Extracted data
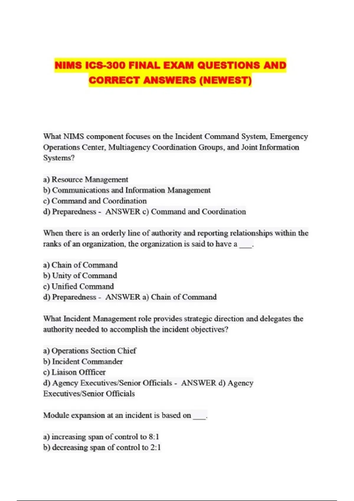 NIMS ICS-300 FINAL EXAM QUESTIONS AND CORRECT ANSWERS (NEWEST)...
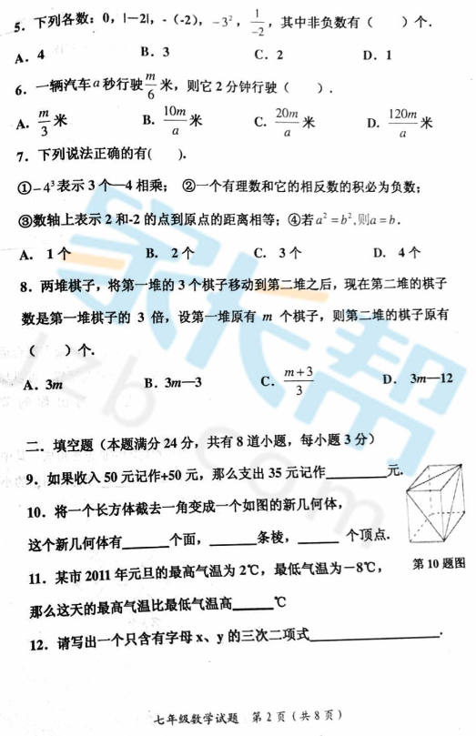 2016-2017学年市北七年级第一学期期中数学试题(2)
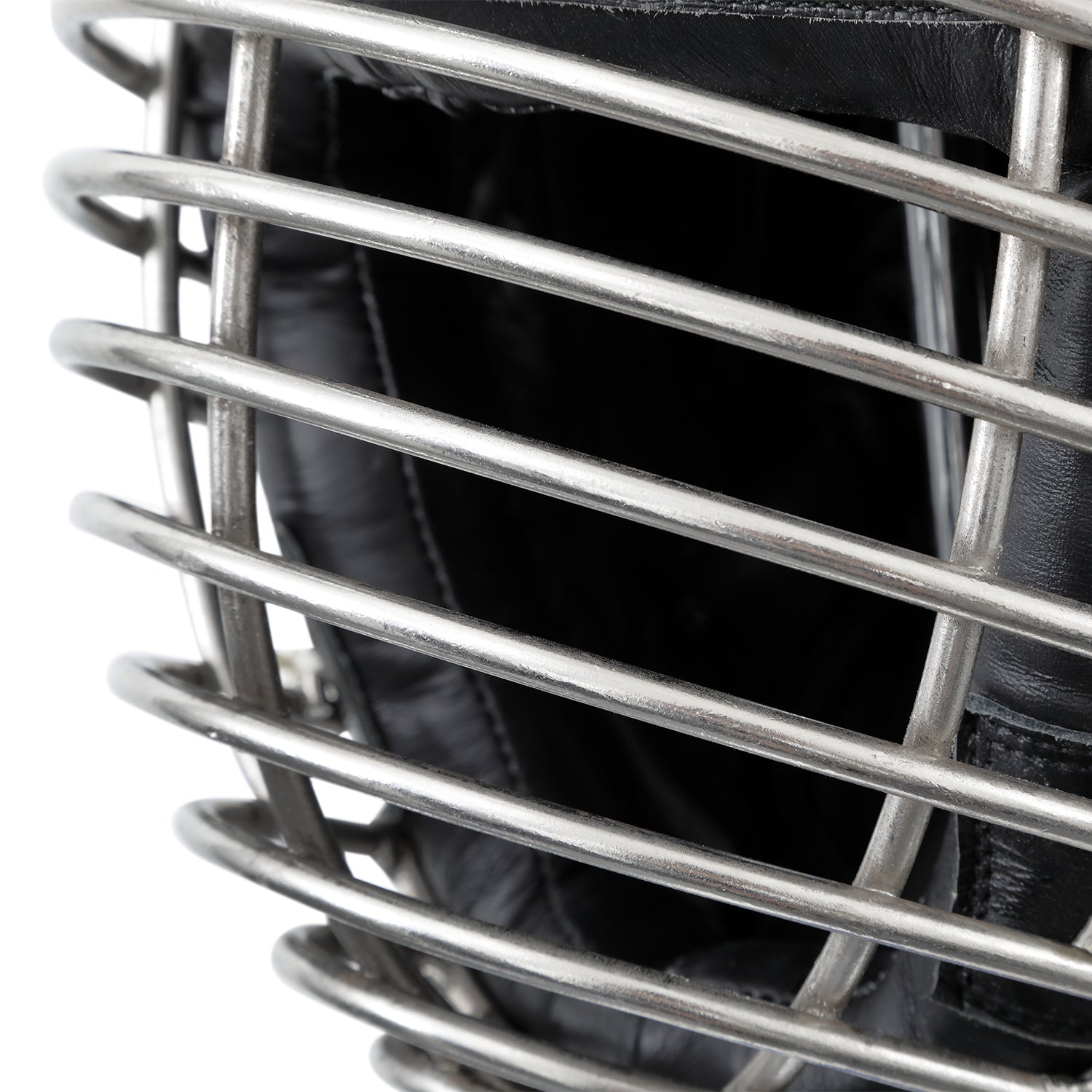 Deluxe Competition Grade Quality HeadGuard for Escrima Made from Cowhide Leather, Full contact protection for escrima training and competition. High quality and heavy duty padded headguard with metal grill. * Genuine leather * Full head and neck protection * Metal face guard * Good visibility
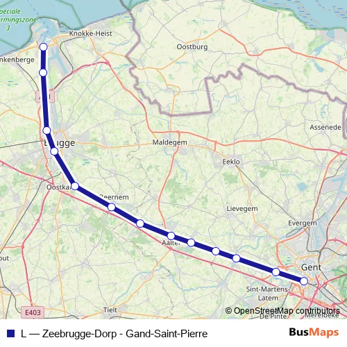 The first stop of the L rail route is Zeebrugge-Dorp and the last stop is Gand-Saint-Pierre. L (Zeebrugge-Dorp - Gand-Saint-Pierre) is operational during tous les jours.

* * *

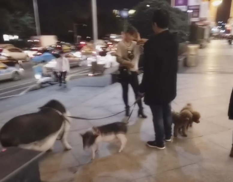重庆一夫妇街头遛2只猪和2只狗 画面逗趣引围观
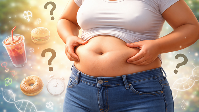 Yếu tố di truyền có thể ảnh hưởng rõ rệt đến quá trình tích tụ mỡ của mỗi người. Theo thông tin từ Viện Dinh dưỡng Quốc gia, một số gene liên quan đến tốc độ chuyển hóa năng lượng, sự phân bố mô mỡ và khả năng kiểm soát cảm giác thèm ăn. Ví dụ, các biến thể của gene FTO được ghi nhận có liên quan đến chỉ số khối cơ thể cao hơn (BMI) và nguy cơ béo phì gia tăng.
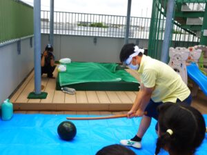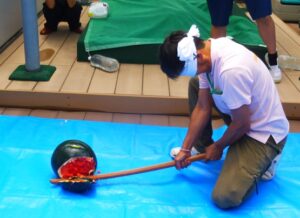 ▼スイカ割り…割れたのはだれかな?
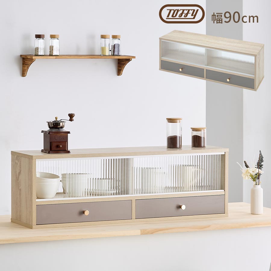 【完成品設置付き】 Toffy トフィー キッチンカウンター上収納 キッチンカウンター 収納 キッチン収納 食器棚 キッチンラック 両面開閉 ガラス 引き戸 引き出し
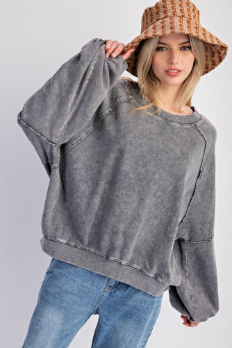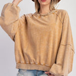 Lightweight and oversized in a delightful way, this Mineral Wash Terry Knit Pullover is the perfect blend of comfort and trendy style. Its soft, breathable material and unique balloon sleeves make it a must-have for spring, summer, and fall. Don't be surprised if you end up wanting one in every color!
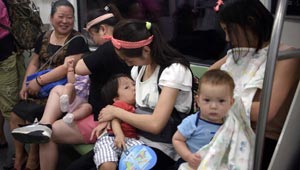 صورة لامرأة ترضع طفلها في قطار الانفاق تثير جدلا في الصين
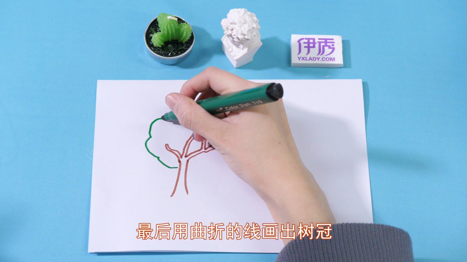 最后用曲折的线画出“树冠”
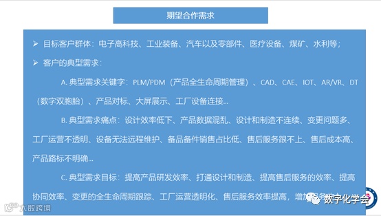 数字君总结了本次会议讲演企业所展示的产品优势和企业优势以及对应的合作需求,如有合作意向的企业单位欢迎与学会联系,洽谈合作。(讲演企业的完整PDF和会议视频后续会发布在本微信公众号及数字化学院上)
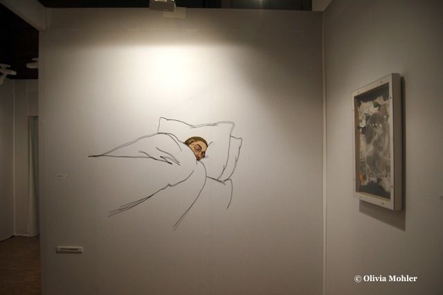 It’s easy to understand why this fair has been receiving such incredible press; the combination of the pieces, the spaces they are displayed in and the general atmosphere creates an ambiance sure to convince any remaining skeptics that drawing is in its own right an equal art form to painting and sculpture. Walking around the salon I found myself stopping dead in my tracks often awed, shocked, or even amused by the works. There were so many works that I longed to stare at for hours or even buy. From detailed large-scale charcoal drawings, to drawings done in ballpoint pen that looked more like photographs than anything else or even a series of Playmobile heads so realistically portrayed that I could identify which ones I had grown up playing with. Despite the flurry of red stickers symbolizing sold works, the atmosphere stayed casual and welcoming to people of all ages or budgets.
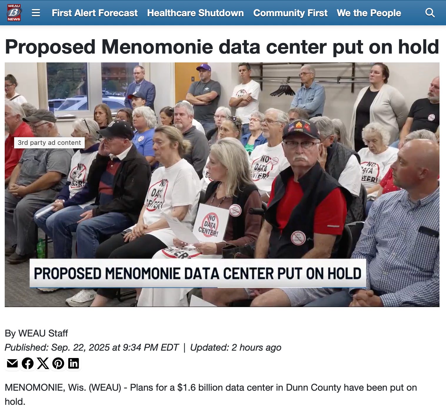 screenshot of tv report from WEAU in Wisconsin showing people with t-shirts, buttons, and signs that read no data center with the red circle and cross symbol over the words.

What you are asked to do
Although pictures appear among the records above, write out exactly only the lines from the one that has "NIMS ICS-300 FINAL" through the one that has "The first stop", and leave the pictures out.

Task response
 NIMS ICS-300 FINAL EXAM QUESTIONS AND CORRECT ANSWERS (NEWEST)...
 2016-2017学年市北七年级第一学期期中数学试题(2)
 Deluxe Competition Grade Quality HeadGuard for Escrima Made from Cowhide Leather, Full contact protection for escrima training and competition. High quality and heavy duty padded headguard with metal grill. * Genuine leather * Full head and neck protection * Metal face guard * Good visibility
 The first stop of the L rail route is Zeebrugge-Dorp and the last stop is Gand-Saint-Pierre. L (Zeebrugge-Dorp - Gand-Saint-Pierre) is operational during tous les jours.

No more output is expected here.